Bob took advantage of being close to rodeos on the east coast. “There were a lot of rodeos over the summer put on by a producer named Radie Evans. There was also a promoter over there by the name of Milt Hinkle that put on some big rodeos and of course there was Howard Harris at Cowtown, New Jersey.” Bob won the Maryland State Championship Bareback Riding buckle that summer and was shipped to Okinawa in the Far East that fall.

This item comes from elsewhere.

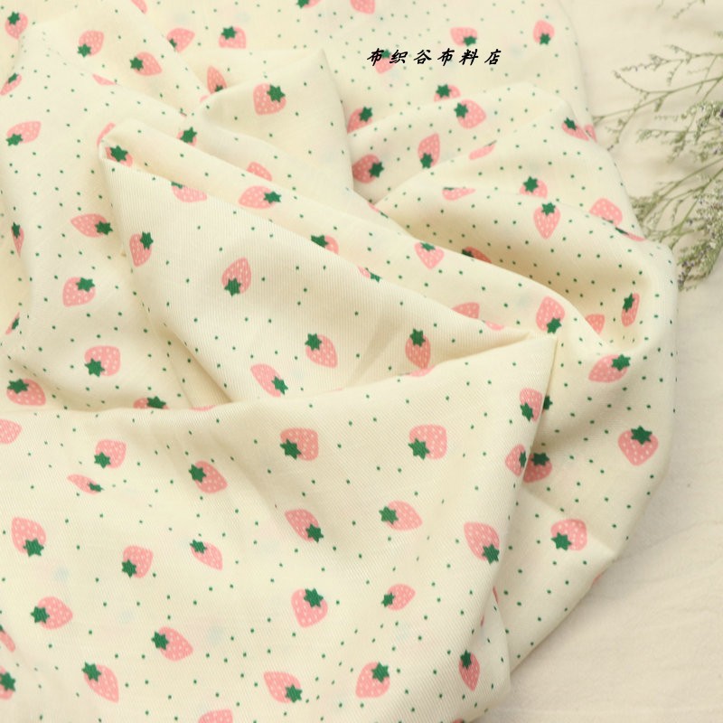 ピンクのイチゴの小さな緑の波の千糸の綿布の夏の秋のかわいいカーディガンのシャツのワンピースのロングスカートの子供服の生地

In Okinawa he served in the Ryukyu Hospital Veterinarian Section as an Animal Technician in the Ft. Buckner Animal Clinic. He met Roger James, Joe Gayette, and Tom Thomas who with the help of the US Army Special Services, put on a series of four rodeos in 1955 with three qualifying rodeos and a finals rodeo. Bob worked three events and announced all the rodeos held at Naha, Okinawa. Bob won the 1955 Okinawa Bareback Riding buckle at the finals. The contestants flew in from all branches of the service from all over the Far East for the rodeos. The Army team won a nice pair of fancy spurs that are still hanging in the Ryukyu Command Army Headquarters with information about the 1955 rodeos held there.

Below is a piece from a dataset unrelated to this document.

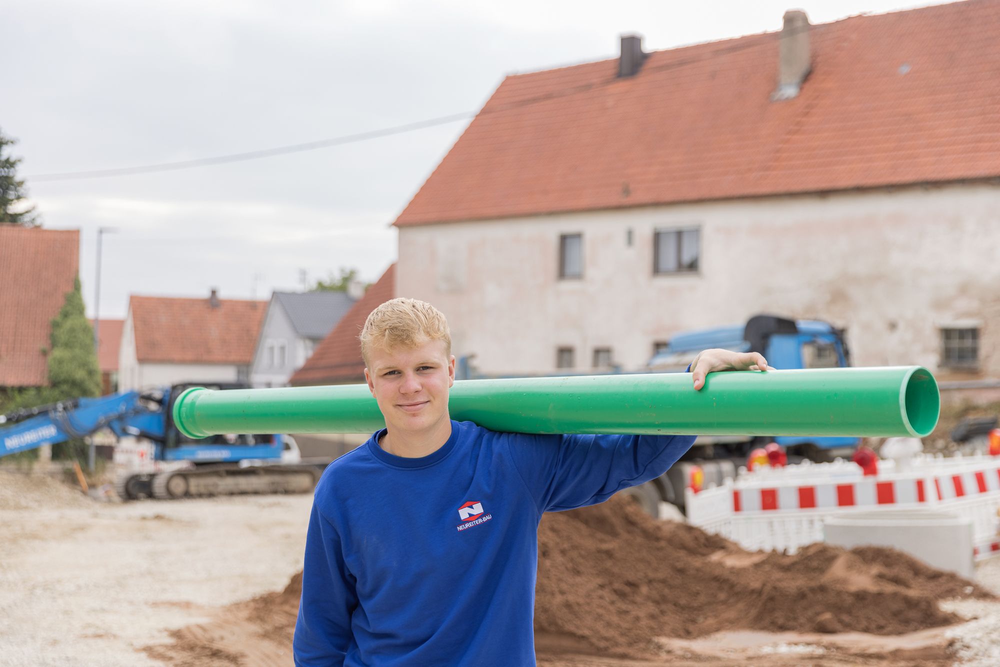 Nachhaltig ist auch das Stichwort im Bereich Ausbildung bei der Neureiter GmbH. Gemeinsam mit dem Gewerbeverein Marktplatz Wallerstein e.V. organisiert das Bauunternehmen etwa den Tag der Betriebe, bei dem Schüler die teilnehmenden Unternehmen besuchen und einen Einblick in deren Arbeitsalltag bekommen können. Auch bei der Ausbildungsmesse „Ausbildung regional – stark im Handwerk“, die jährlich in der Mehrzweckhalle Wallerstein stattfindet, ist die Neureiter GmbH dabei. 2022 bei der sechsten Ausgabe der Messe war das Unternehmen wieder mit seinen Auszubildenden und einem Stand vertreten.

When Bob was 6 years old, his dad, Earl, graduated from the American Auction College in Kansas City, Missouri. “I guess from the first time I heard Dad do his auction chant, I wanted to be an auctioneer.” In 1958, Bob and his wife, Winona, bought Home Base Auction in Bowman, North Dakota. At 27 years of age, Bob became the youngest owner/operator of a Livestock Auction Market in the United States. He attended his first National Auctioneers Association Convention in 1957 and went on to serve on their board of directors and as president beginning in 1968. Over the years, Bob served on many other auctioneer boards and received many honors from county fair boards, auctioneer associations and 4-H for his many contributions.
Bob is a member of the Western Writers of America and has written 5 books about his friends in the Lemmon area and rodeoing in Okinawa. His wife, Winona, was active in the auction industry, working alongside Bob in their auction business as head auction clerk and office manager at Home Base Auction and Penfield Auctions and helping edit his books. Winona was called to Heaven in 2015. They raised one son and four daughters: Bert, Patty, Laura, Joan, and Sam.
Bob now lives in Spearfish, South Dakota near his daughters, Laura and Joan, who brought him to the Jackrabbit Stampede in Brookings, South Dakota in April. He continues to be an active SDSU Rodeo supporter.